───── DATA RECORDS
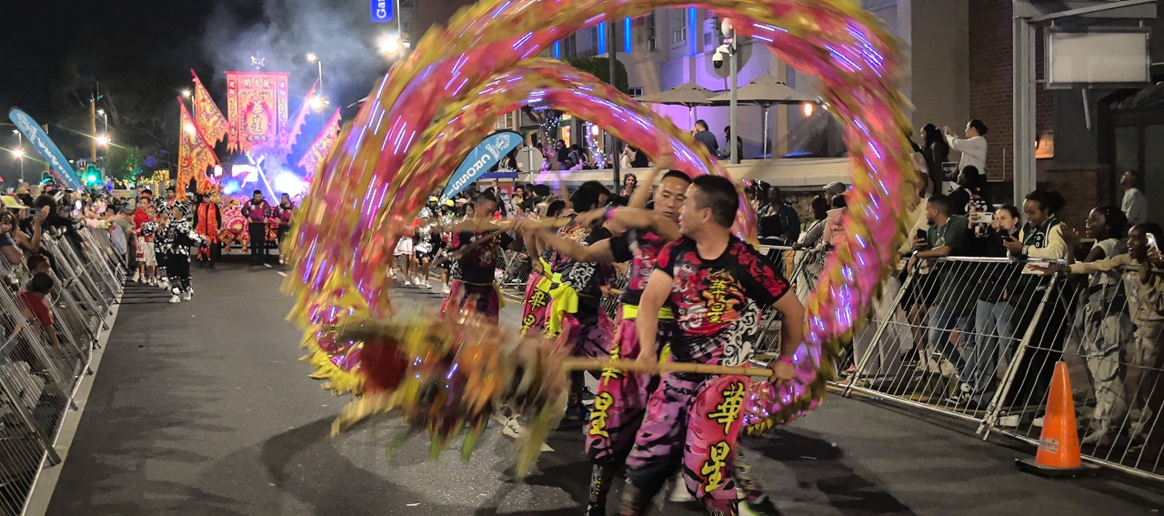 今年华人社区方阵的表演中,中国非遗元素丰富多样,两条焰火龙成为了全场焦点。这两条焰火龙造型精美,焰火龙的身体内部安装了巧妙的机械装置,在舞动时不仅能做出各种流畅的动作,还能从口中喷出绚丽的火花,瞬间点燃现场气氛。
──────────
───── DATA RECORDS
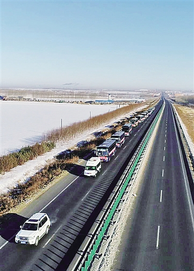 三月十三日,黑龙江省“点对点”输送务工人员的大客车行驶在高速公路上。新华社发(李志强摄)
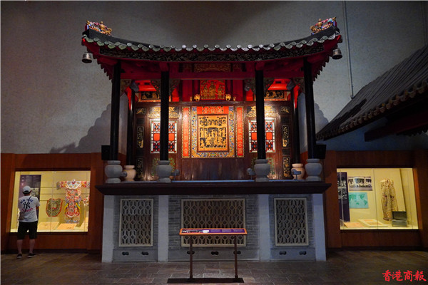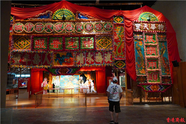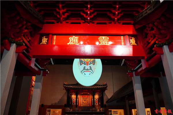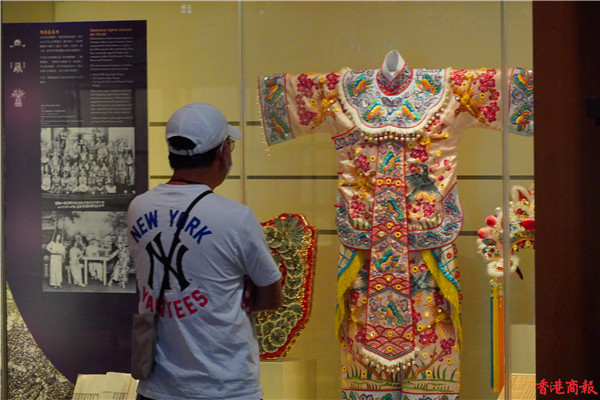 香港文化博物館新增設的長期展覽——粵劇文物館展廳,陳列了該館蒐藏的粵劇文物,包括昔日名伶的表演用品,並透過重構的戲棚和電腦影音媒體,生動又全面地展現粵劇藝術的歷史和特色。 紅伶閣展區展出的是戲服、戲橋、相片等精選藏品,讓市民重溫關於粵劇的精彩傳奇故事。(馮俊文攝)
──────────
───── DATA RECORDS
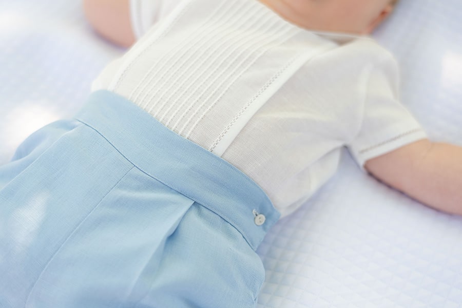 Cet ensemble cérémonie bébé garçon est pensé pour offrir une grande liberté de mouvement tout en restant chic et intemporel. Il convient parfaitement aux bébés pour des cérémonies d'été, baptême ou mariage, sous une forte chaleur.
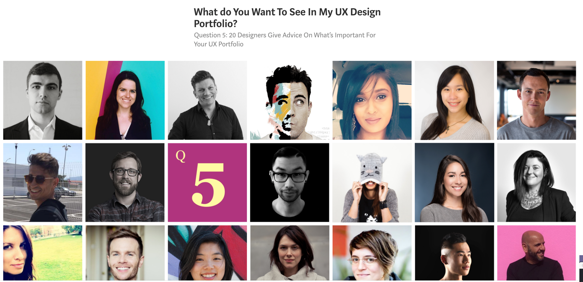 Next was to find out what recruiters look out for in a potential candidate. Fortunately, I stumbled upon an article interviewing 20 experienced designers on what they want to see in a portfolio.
──────────
BRIEF
The reply should hold the entries above from the line with "Cet ensemble cérémonie" to the line with "Next was to", duplicated exactly, pictures excluded.

SOLUTION TO THIS EXERCISE
 Cet ensemble cérémonie bébé garçon est pensé pour offrir une grande liberté de mouvement tout en restant chic et intemporel. Il convient parfaitement aux bébés pour des cérémonies d'été, baptême ou mariage, sous une forte chaleur.
 Next was to find out what recruiters look out for in a potential candidate. Fortunately, I stumbled upon an article interviewing 20 experienced designers on what they want to see in a portfolio.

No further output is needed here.